The Prindle 18-2, or Prindle 18.2, is an American catamaran sailing dinghy that was designed as a racer and first built in 1983.

==Production==
The design was initially built by Prindle Catamarans, starting in 1983. After the product line was sold in about 1988, it was produced by Performance Catamarans in the United States, but it is now out of production.

The design replaced the 1977 Prindle 18 in manufacturer's product line.

==Design==
The Prindle 18-2 is a recreational sailboat, built predominantly of fiberglass. It has a fractional sloop rig with aluminum spars and a fully-battened mainsail. The dual symmetrical hulls have raked stems, plumb transoms, dual transom-hung, kick-up rudders controlled by a tiller and dual, retractable centerboards. The design displaces 375 lb and features a mesh trampoline between the hulls.

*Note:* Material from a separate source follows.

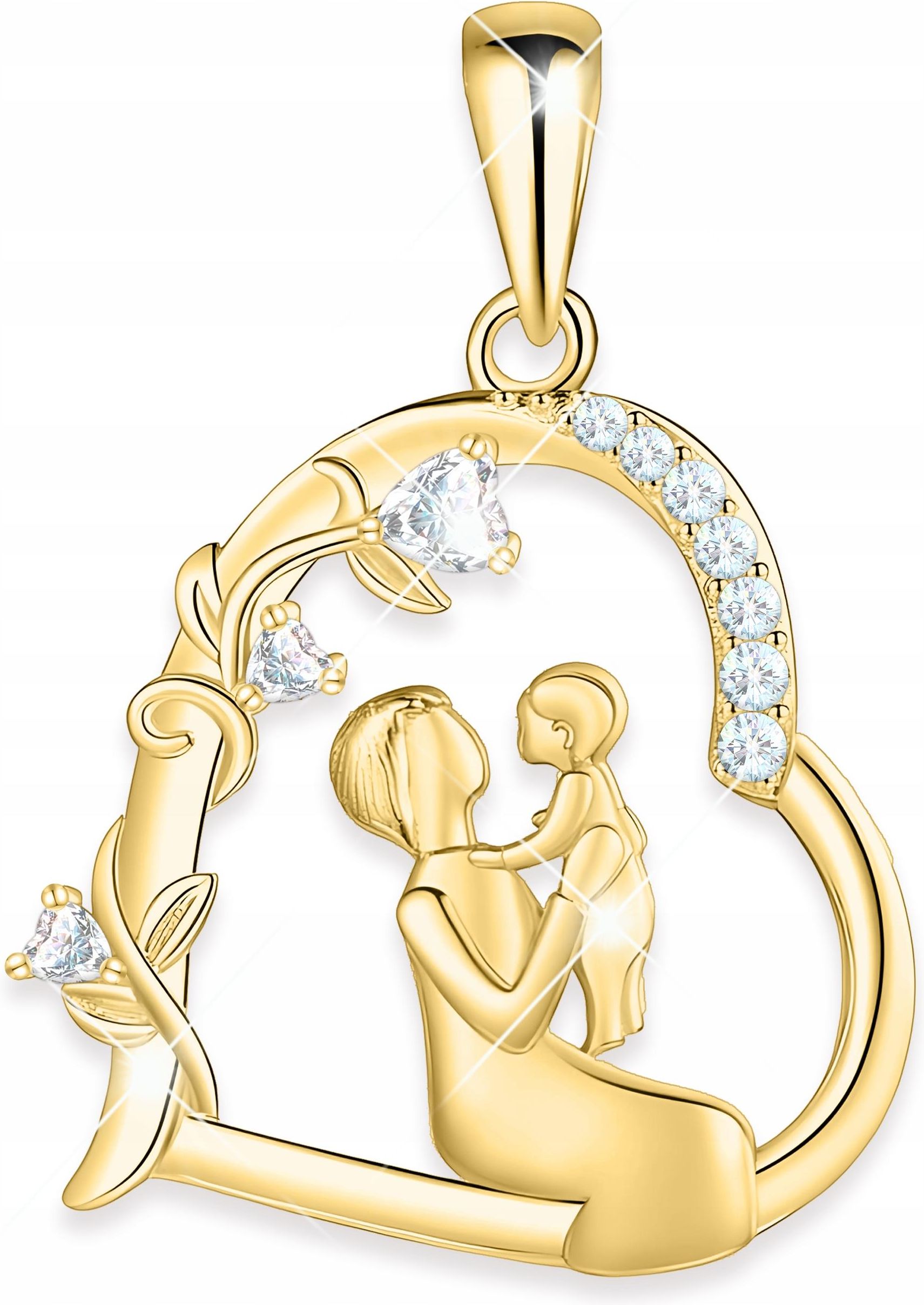 Larezo Złota Zawieszka Do Łańcuszka Serce Mama Z Córką Dzieckiem Srebro 925 Czchów

The design has a draft of 2.08 ft with the centerboards down and 6 in with them retracted, allowing beaching or ground transportation on a trailer.

==Operational history==
In a review in Popular Mechanics in October 1987, writer Chris Caswell said, "under sail, the Prindle was balanced, responsive and easy to tack. Its knife-like bows sliced through Mission Bay waters during close reaches and the wake stretched out behind like twin white jet trails. Then, when flying a hull and powered by a sudden gust, it took off like a rocket. For sheer ecstasy of speed, you can't beat a well-designed catamaran."